> [What to do]
In the data below, find the line containing "Уже сейчас Яндекс", then set down that line and every later line up to and including the line containing "圖為在京臺(tái)港澳?年代表參觀拍攝宛平城墻體彈坑遺址。中新社記者 ??昊 攝", exactly.
:: Data provided ::
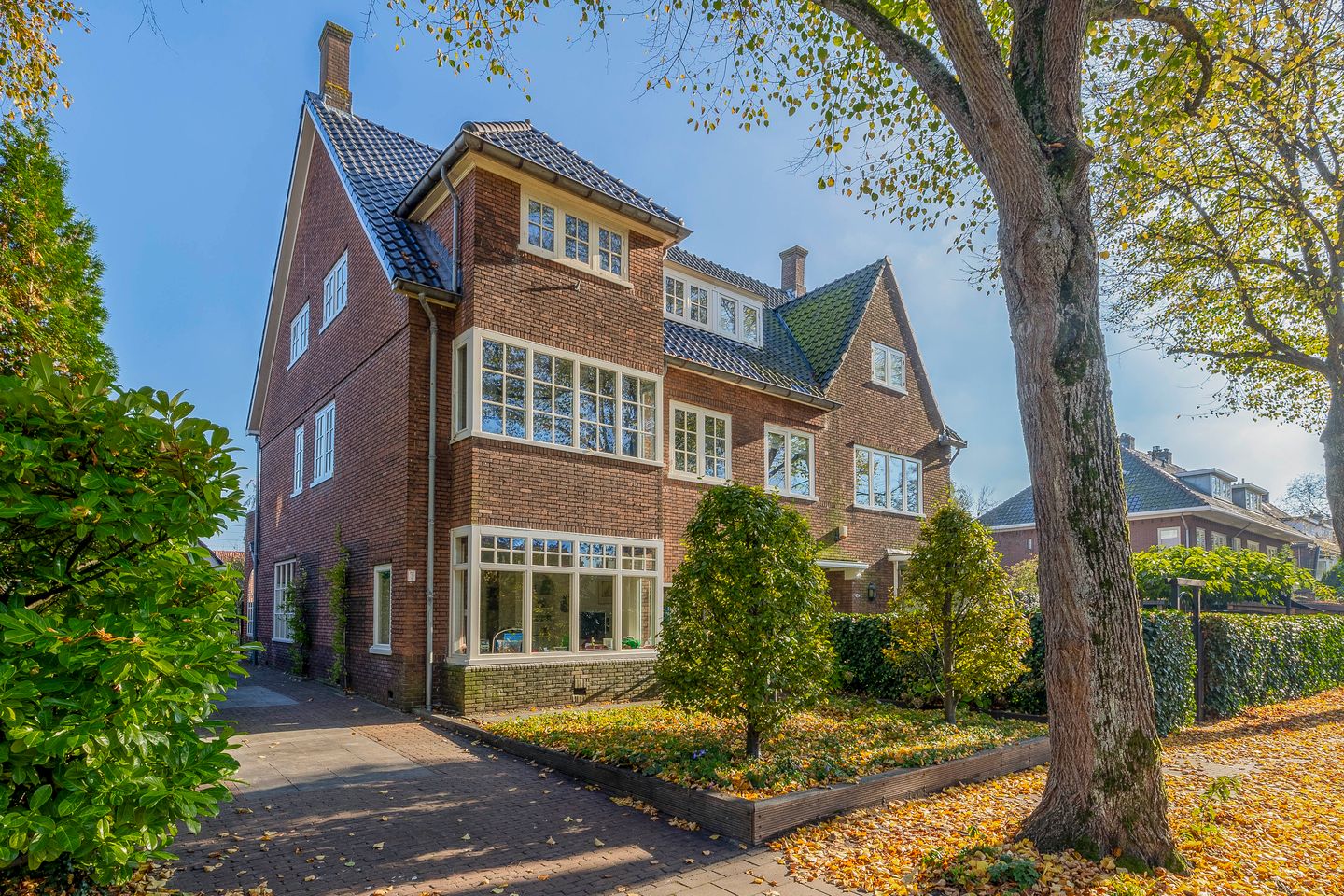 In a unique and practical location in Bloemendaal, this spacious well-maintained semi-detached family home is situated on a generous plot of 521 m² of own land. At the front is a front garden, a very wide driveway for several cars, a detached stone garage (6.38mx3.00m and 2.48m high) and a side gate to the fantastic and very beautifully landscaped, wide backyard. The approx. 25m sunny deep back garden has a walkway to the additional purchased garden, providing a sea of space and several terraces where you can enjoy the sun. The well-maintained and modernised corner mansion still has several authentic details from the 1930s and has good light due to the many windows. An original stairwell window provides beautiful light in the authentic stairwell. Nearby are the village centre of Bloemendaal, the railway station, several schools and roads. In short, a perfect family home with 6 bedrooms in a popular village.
:::
:: Data provided ::
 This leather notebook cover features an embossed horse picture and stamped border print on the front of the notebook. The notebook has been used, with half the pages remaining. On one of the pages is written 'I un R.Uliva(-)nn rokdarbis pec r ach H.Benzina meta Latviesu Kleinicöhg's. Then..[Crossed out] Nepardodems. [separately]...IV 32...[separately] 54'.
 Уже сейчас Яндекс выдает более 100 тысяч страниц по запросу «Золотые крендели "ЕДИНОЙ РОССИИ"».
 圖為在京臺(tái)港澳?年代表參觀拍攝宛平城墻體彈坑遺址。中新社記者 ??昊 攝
:::
:: Data provided ::
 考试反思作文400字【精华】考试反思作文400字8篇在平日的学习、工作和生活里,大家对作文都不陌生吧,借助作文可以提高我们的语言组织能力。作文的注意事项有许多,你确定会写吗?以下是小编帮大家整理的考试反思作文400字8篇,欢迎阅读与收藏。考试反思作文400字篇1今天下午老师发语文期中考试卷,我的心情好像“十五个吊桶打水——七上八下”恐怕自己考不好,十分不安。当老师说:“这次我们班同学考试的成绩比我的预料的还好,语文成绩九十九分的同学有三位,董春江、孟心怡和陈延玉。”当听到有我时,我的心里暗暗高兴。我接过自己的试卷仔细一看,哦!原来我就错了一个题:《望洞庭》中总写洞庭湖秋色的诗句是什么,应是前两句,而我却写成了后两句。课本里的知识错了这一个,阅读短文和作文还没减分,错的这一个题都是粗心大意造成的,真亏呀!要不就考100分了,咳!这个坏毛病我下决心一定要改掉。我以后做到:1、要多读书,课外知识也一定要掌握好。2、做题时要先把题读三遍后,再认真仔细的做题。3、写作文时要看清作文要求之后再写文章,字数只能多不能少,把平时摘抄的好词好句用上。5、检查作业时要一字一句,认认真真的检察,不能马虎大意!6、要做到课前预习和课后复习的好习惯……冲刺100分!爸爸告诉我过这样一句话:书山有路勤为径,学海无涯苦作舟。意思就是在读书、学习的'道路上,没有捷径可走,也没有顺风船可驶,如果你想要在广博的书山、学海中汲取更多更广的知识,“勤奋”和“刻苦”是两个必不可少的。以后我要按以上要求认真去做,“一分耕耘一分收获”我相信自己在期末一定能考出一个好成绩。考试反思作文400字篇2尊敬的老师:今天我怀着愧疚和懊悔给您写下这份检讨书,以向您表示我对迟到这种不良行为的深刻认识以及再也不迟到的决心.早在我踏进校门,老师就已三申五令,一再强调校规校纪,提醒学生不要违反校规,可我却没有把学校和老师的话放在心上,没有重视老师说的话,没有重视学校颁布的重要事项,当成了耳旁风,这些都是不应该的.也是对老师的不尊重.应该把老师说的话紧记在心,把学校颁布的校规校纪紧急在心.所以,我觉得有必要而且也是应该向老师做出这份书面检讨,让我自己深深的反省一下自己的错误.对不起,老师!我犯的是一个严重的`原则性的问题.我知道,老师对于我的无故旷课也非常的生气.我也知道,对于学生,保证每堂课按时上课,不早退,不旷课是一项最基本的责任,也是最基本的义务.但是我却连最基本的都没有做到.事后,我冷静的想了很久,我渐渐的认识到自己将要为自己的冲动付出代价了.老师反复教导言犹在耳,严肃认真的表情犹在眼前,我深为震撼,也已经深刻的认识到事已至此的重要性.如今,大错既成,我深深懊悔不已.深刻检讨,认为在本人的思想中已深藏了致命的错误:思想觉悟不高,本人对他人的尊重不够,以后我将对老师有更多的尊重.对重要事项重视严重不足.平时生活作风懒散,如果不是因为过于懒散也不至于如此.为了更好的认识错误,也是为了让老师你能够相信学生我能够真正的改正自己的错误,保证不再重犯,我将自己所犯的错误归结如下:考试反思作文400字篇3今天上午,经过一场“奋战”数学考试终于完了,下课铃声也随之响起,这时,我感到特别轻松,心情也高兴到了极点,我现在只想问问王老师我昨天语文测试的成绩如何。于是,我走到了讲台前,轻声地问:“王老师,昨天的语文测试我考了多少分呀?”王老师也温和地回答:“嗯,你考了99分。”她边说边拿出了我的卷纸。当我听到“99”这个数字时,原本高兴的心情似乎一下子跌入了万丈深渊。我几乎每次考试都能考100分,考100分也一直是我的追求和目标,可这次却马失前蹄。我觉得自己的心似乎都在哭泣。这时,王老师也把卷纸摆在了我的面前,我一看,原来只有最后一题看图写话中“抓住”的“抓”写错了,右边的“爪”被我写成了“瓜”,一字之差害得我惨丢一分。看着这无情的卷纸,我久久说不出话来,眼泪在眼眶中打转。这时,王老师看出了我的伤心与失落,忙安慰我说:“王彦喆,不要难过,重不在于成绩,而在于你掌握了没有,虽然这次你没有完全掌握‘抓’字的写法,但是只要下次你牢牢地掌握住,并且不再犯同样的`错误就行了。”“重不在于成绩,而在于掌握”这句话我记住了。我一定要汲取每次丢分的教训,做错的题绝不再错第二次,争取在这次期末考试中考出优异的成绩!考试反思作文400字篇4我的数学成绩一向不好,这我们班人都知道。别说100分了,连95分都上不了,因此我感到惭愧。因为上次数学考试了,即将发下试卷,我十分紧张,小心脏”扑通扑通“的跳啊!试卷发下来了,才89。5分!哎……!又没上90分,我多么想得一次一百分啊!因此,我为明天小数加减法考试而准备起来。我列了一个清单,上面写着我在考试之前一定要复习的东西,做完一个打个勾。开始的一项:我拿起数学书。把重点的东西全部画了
:::
> [Exercise result]
 Уже сейчас Яндекс выдает более 100 тысяч страниц по запросу «Золотые крендели "ЕДИНОЙ РОССИИ"».
 圖為在京臺(tái)港澳?年代表參觀拍攝宛平城墻體彈坑遺址。中新社記者 ??昊 攝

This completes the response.